I have great respect for the teacher, and for Deepak. However I have to point out that his primordial sound meditation appears to be biased in its focus on the psychological and on the physiological but de-emphasizes the spiritual or immaterial aspects and benefits of meditation such as peace, joy, and bliss and places emphasis on stress reduction of cortisol secretions, and reduced blood pressure and heart rates, and mental clarity (as measured by instruments monitoring alpha, delta, and beta brain waves). ( see quote below)
(quote: Primordial Sound Meditation isn’t about forcing your mind to be quiet, but about experiencing the quiet that is already there. Even when your mind is filled with agitated thoughts, you still have access to the inner stillness and calm that always lies beneath the choppy surface of thought and emotion. Even as your body is resting deeply in meditation, your mind is awake though quiet. The term “restful awareness” captures the unique combination of physical relaxation and an alert yet quiet mind.)
Because of the fundamental bias of science on materialism, measurement, and quantifiable variables there is little emphasis given to the energetic and qualitative variables which are currently non-measurable with quantitative methods.
Meditation has not as its main objective the mere elimination of contact with sense organs and outside inputs to the mind which cause noise to achieve stillness and inner peace, but is concerned with the transcendence of the noise by expanding one’s consciousness beyond the noise and including it, and melding with the universe in its totality of ‘light and darkness’, and ignoring the prominence of the noise coming either from environment or mind. One has to transcend the physical, emotional and mental bodies and energies, and ascend or expand into the spiritual state to achieve lasting stillness, stress reduction, physiological, mental, and emotional homeostasis. Fullness is emptiness turned inside out. One achieves silence and stillness by default when one doesn’t try with willpower to achieve it.
Deepak is right that we have to go into the stillness without forcing it, when thoughts or emotions arise, acknowledge them then let them dissolve as you focus on your ‘ajna’ ( the point between your eyes). One cannot ignore the importance of focus and concentration in achieving stillness. Spiritual expansion begins with focus and concentration then evolves into surrender and acceptance.
As one progresses in one’s daily meditation practice the individual gradually becomes aware that they are able to be in a meditative state at all times with eyes open or closed. Then one is able to integrate inner stillness into one’s daily activities and actions, speech, and thoughts.
From my experience beginning meditation the silence was not there in the mind, the calm and inner silence needed to be created. A space needed to be found and the only way was to dissolve of my consciousness all thoughts, not willfully nor by submission, but through transcendence. Buddhists refer to clear and peaceful mind as a sky without clouds; the clouds being thoughts and emotions.
Deepak is right in that we don’t force out the clouds from our sky, but to achieve the cloudless sky one must transcend the clouds, make them melt away from our consciousness and go beyond them to the spiritual sky.

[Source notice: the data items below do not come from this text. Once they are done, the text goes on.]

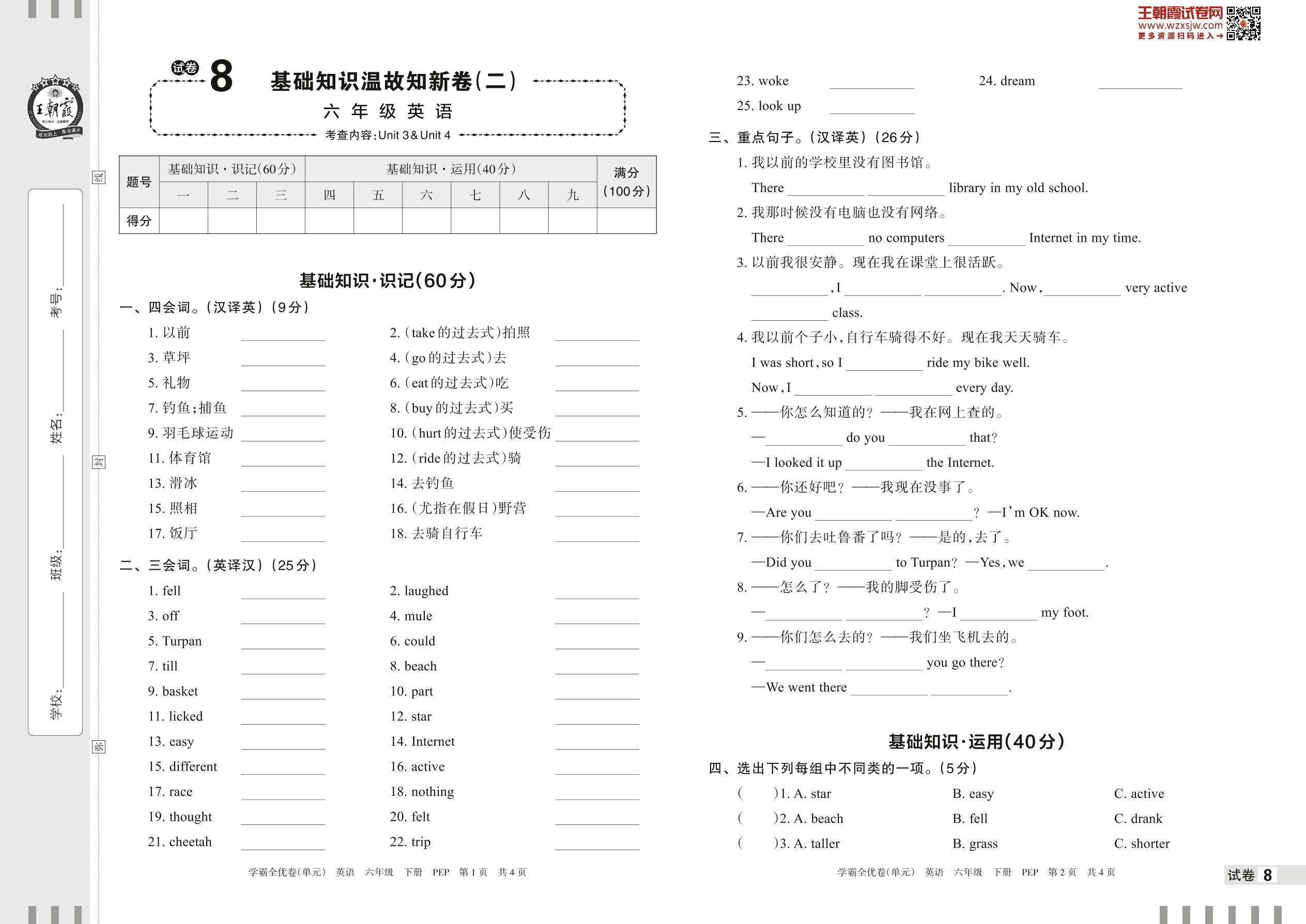 2023下册六年级英语人教PEP版 试卷8 基础知识温故知新卷(二)
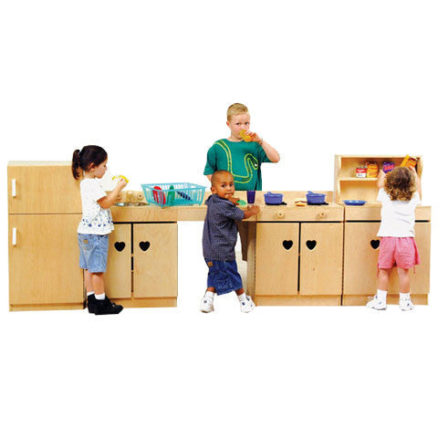 The Defoe Hutch is a charming and functional addition to any dramatic play area. Designed to mimic a real kitchen cupboard, it features open shelving above for displaying play dishes or pantry items, while the enclosed storage cabinet below keeps additional supplies neatly tucked away. Built with durability and safety in mind, it includes pinch-proof doors and child-friendly finishes—perfect for classrooms, preschools, or daycare settings.
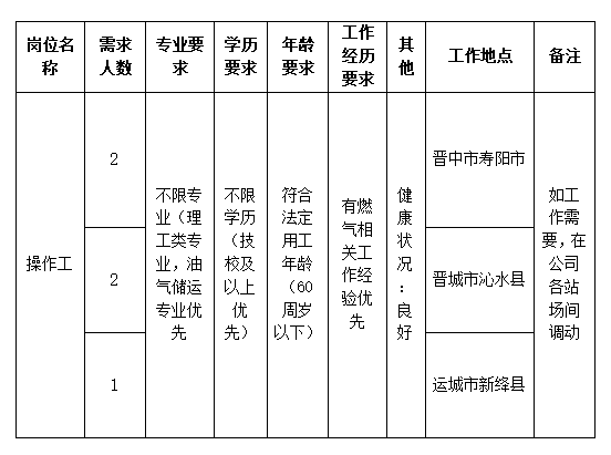 根据用工单位需求,山西浦东红杰人力资源有限公司受山西国化燃气有限责任公司委托,公开招聘工作人员5名,现将招聘内容公告如下:
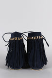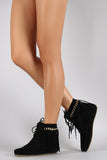 These boho-chic  fringe  decor at the opening, and razor-cut sole. Finished with cushioned insole, smooth interior lining, and lace up front closure.
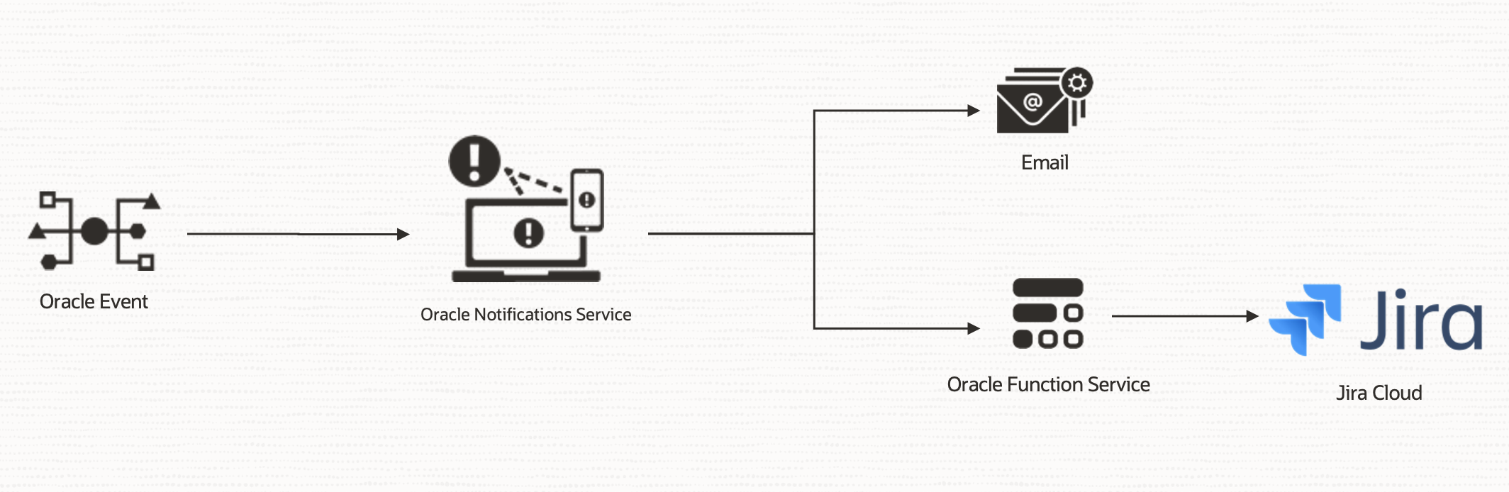 Many of the customers I work with use the Oracle Notifications service to alert their developers and DevOps teams about events happening in Oracle Cloud Infrastructure applications. Events can be of different types and for different resources like Compute Instance restarted, Object created in a bucket, etc. The Notifications service already offers out-of-the-box integrations with many services, such as Email, Functions, Slack, and PagerDuty. Many of these customers are also using ticketing systems, such as Atlassian’s Jira, to track these events, and they’ve asked about the best way to automatically file a Jira ticket when an alert happens.
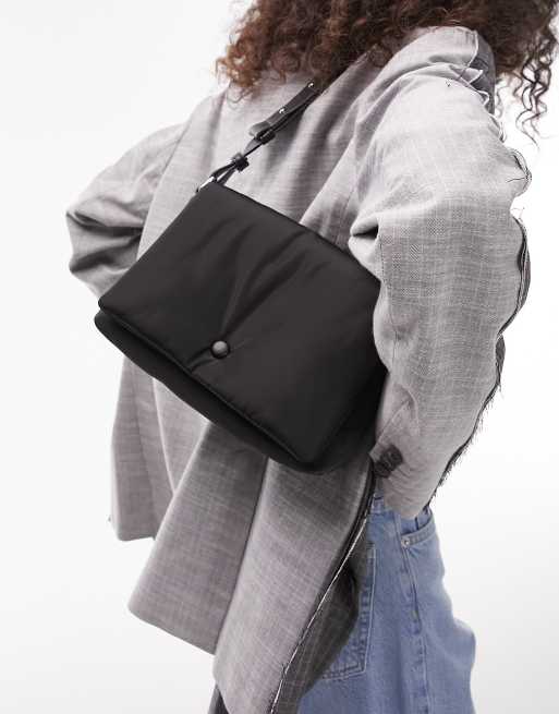 Topshop Sheena puffy button shoulder bag in black
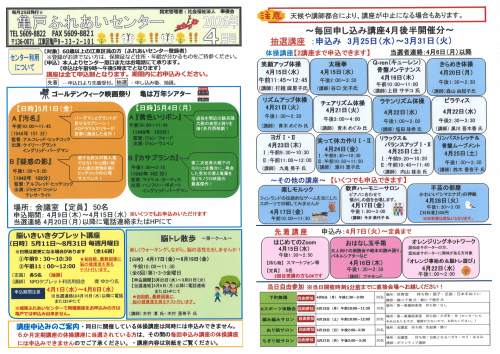 2026.03.25 お知らせ 2026年亀戸ふれあいセンター4月号予定表 Tweet シェアする 2026年亀戸ふれあいセンター4月号予定表が完成しました。 亀戸ふれあいセンター F.A 前の記事 2026.03.26 お知らせ 4月自由参加日程表【ゆうゆう体操、カラオケ自由開放、卓球自由開放】 次の記事 2026.03.25 お知らせ 2026年亀戸ふれあいセンター4月号おたより 一覧へ戻る
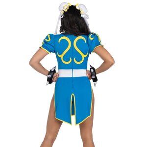 Step into the ring as one of the most legendary video game heroines with the 3 PC Chun-Li Costume. Designed to capture her powerful presence and iconic style, this set includes a bodysuit dress with signature blue and gold character detailing, spiked wrist cuffs, and bun covers adorned with ribbon accents.
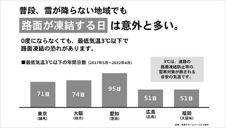 日本の道路は季節、エリアによってさまざまに変化します。特に冬の路面はドライ、ウェット、スノー、アイスと変化が激しいのが特徴です。
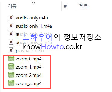 9. 녹화가 완료되면 파일이 저장된 폴더에서 아래와 같은 mp4 비디오 파일들을 보실 수 있습니다.
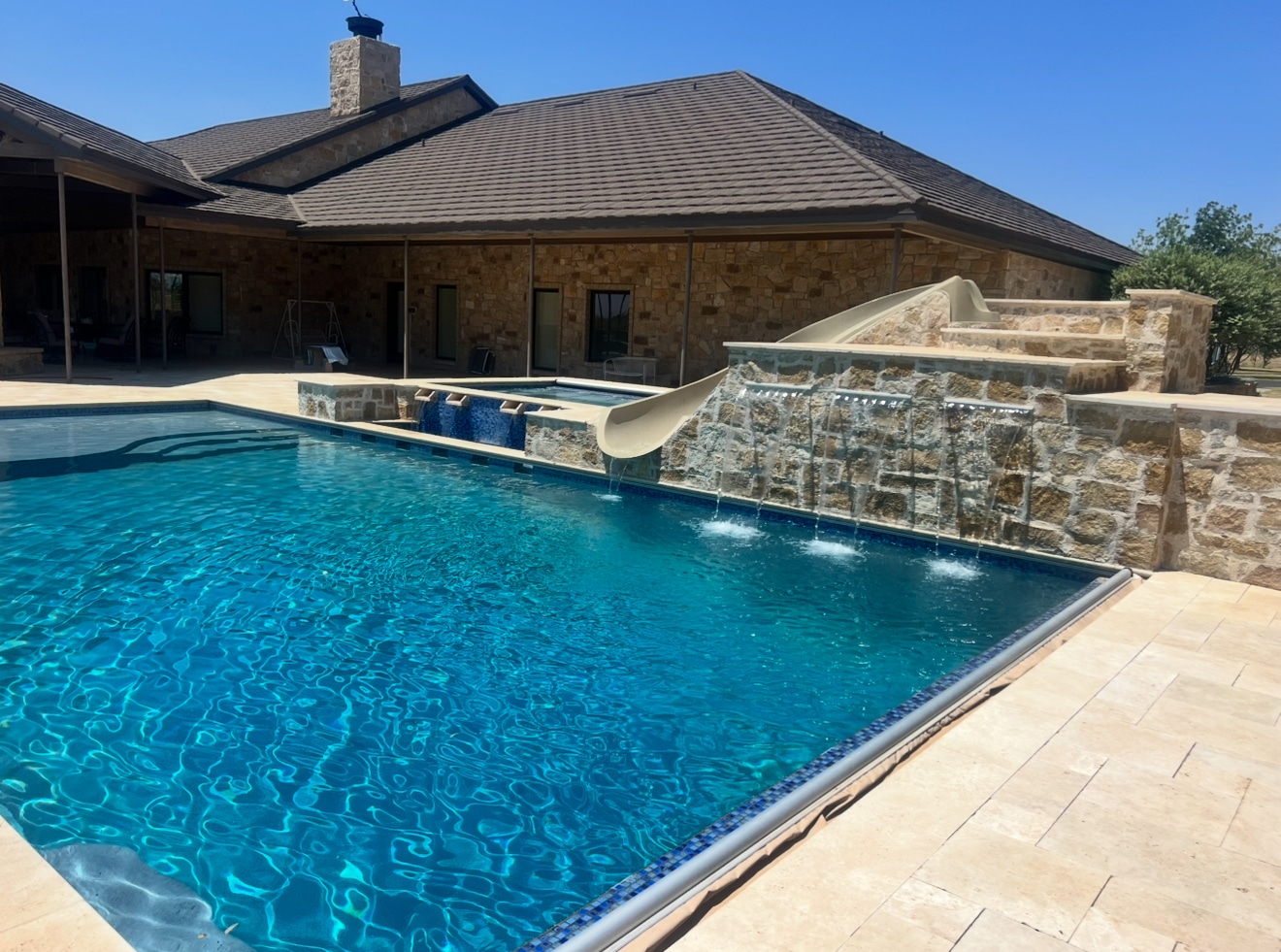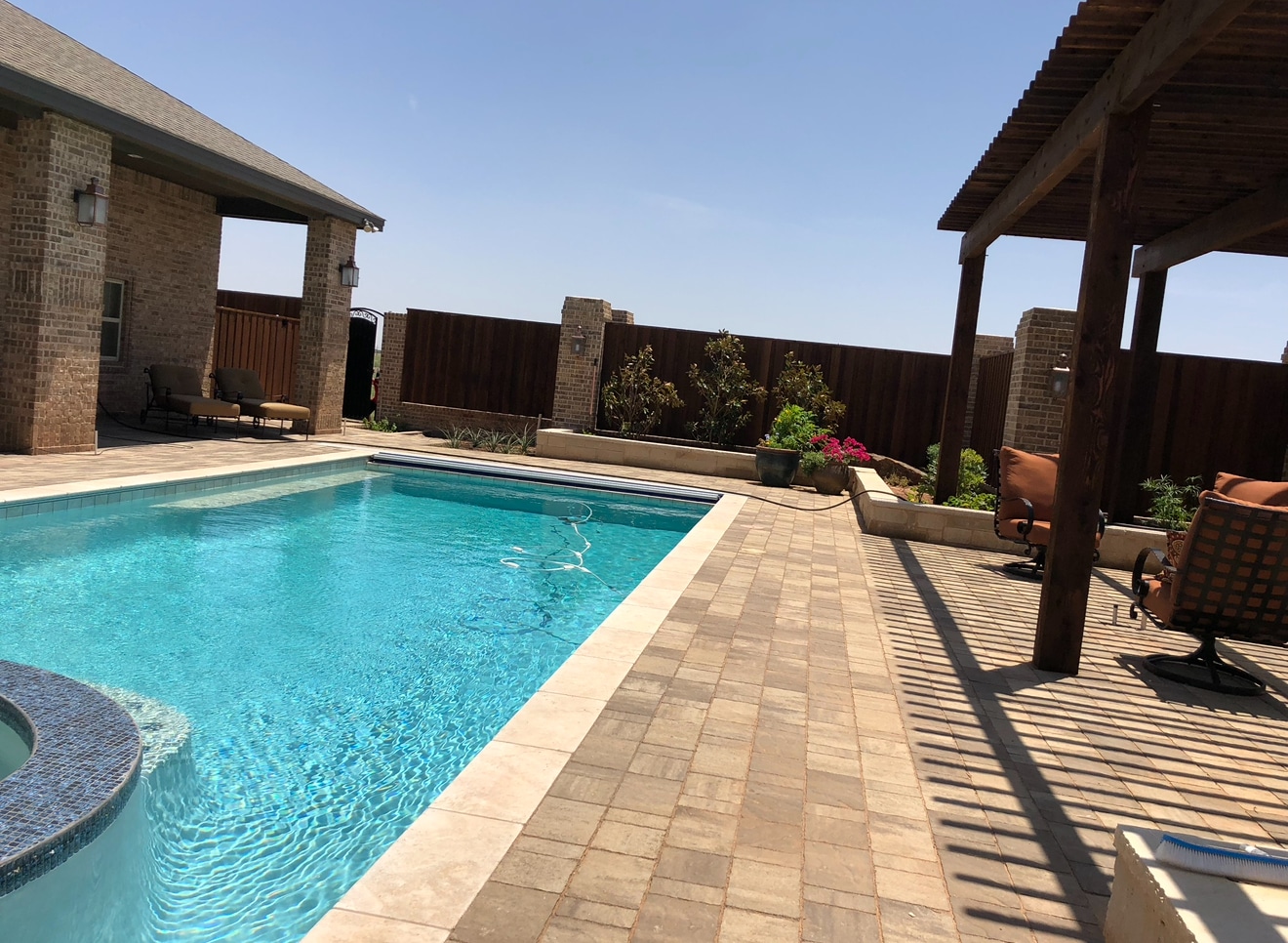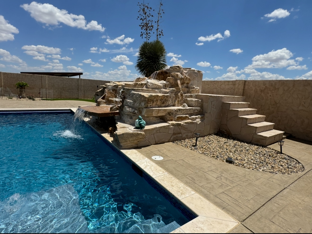 Welcome to our Outdoor Living Gallery, where inspiration comes to life! At Oasis, we take immense pride in transforming our clients’ outside dreams into breathtaking realities across Lubbock, Midland, Amarillo, and the entire West Texas area. This gallery is a testament to our dedication to high-quality craftsmanship, innovative design, and complete customer satisfaction. Here, you’ll discover a curated collection of our completed projects, showcasing the diverse range of custom pools, luxurious outdoor living spaces, meticulously designed landscapes, and intricate patterned concrete work we’ve created. Each image tells a story of vision realized, highlighting how we seamlessly tie homes and outdoor areas together to create truly personal oases. We invite you to explore our work and envision the possibilities for your own backyard sanctuary.
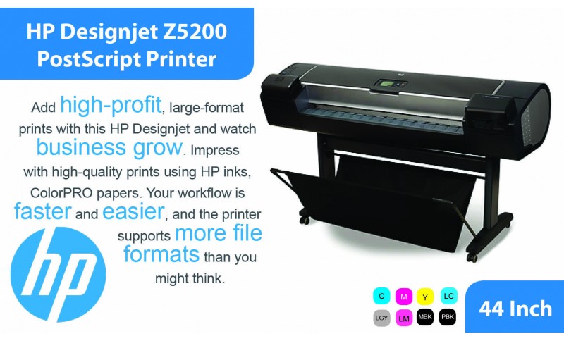 The hp designjet z5200 printer is a color inkjet printer designed for printing high quality images on paper up to 1118 mm 44 in wide.
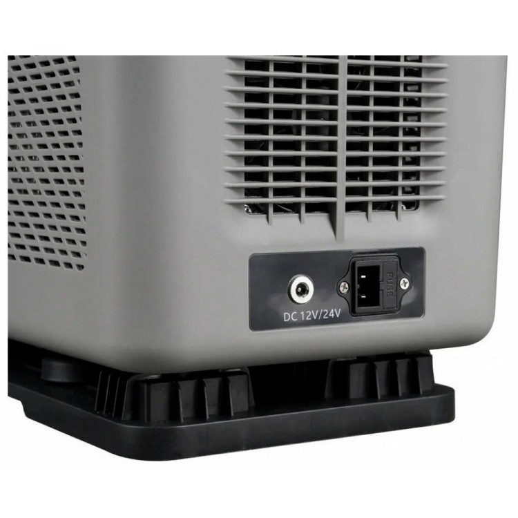 Материал корпуса — пластик и экокожа, что обеспечивает долговечность и удобство использования. Холодильник имеет одну камеру и оснащён дополнительными функциями: защита от разряда аккумулятора, память настроек и индикация ошибок.
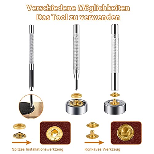 132pcs Bottoni Automatici in Metallo di Bottoni con 4pcs Strumenti, Bottoni Automatici a Pressione per Jeans Pelle Cuoio e Tende, per Abiti Decorazione Riparazioni Artigianal DIY Bottoni
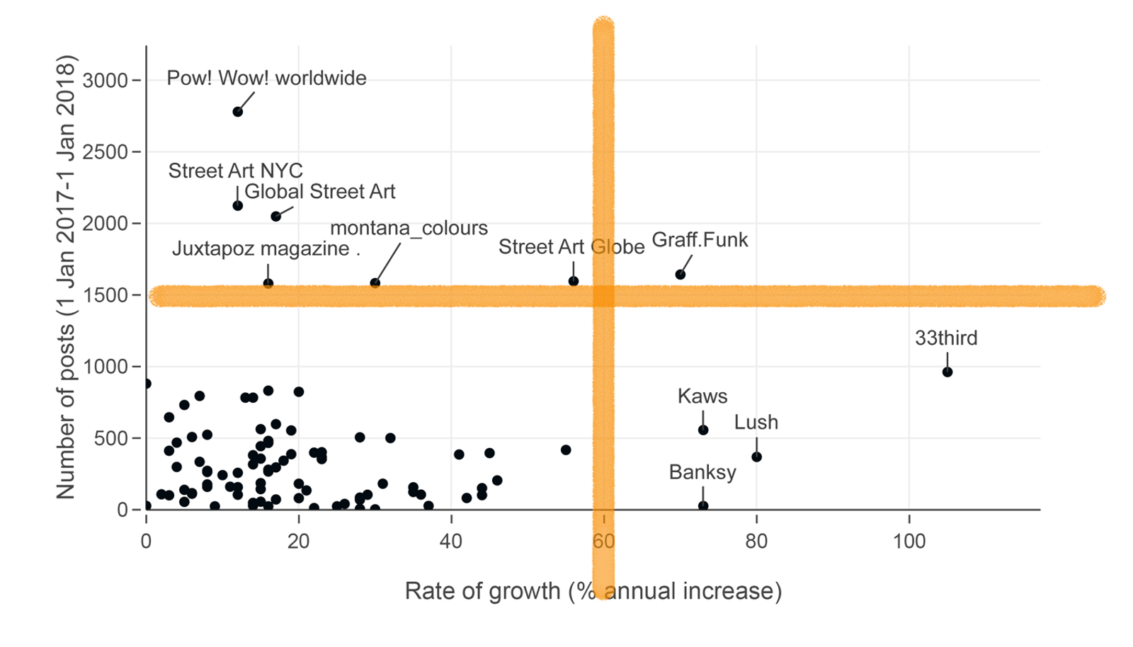 And then we come to the third quadrant in the bottom right hand corner. Again, an interesting cluster of data. Not so much in terms of where individual accounts are, but when we think about the rates of growth – if this was a share market, if you were thinking about what shares to buy, what’s hot right now, what are the accounts that are likely to grow really quickly – it’s in this little cluster of artists’ accounts. The accounts of three artists – Banksy, Kaws, and the Australian artist Lush (aka Lushsux) – are generating enormous growth, and we can attribute that to a whole range of reasons over a year, not just the number of works that they’ve made, but also the kinds of works as well as the kind of audiences that they are eliciting. Kaws has had a whole host of big gallery shows and other reasons why his Instagram account might be hot, Banksy’s account is always hot, and Lush’s work is often tailored specifically to the contours of Instagram, making arts data memes.

That is where resides the permanent mental clarity.
Mind is greater than ‘brain and its associated functioning’ but expands beyond the physical body to include awareness and consciousness which are also beyond the quantitative measuring methods. Yet it is in this state and presence of mind that we experience that state of peace and inner joy which surpasses the physical and enters the realm of the spiritual and subtle energies which manifest as peace and joy and love. The less one identifies with the physical mind and associates one’s identity with spirit and energy the easier it is to integrate one’s person-hood with other individuals with tolerance, acceptance, and non-judgment. The method of meditation which I suggest is not to go beneath or around the noise of thoughts and emotions but to cleanse these entities from one’s ‘mind’ or ‘aura’ and achieve state of ‘thoughtless’ and emotionally detached mind. I define ‘mind’ as being with awareness of itself. That is where resides permanent peace and joy.
When one descends in the ocean beneath the waves of noise, confusion, and chaos which rages above the depths on the surface of ‘mind’, one reaches the zone of stillness, however the disturbances experienced on the surface are still there once one returns to the surface or in this case our activities of daily living.
The importance of meditation is to carry that stillness which we found in the depths of our being to the chaotic surface of our consciousness to assist us to function with a lower stress response and more peaceful heart rate and a clarity of mind which is able to cope and be peaceful and detached emotionally and mentally.
As well as having some physiological dysfunction there exists a danger called kundalini syndrome when an individual attempts to achieve enlightenment without proper spiritual supervision and over-intensive regimen of meditation without cleansing the congested energy can result in paralysis and numbness neurologically, and the most extreme side-effect of psychosis. Try a salt bath for 10 minutes with three cups of salt once a week, or a salt shower with salt gel rubbed on body then allowed to sit, then rinsed off. It may assist decongesting of aura and chakras particularly throat chakra which affects armpit chakra and arms.
Master Choa Kok Sui has directives re; kundalini syndrome signs and symptoms resulting from inappropriate and over-intense meditations. This can be found in his book:: Origins of Modern Pranic Healing and Arhatic Yoga.”
blessings and respect to Master and Satguru Mahaatma Choa Kok Sui.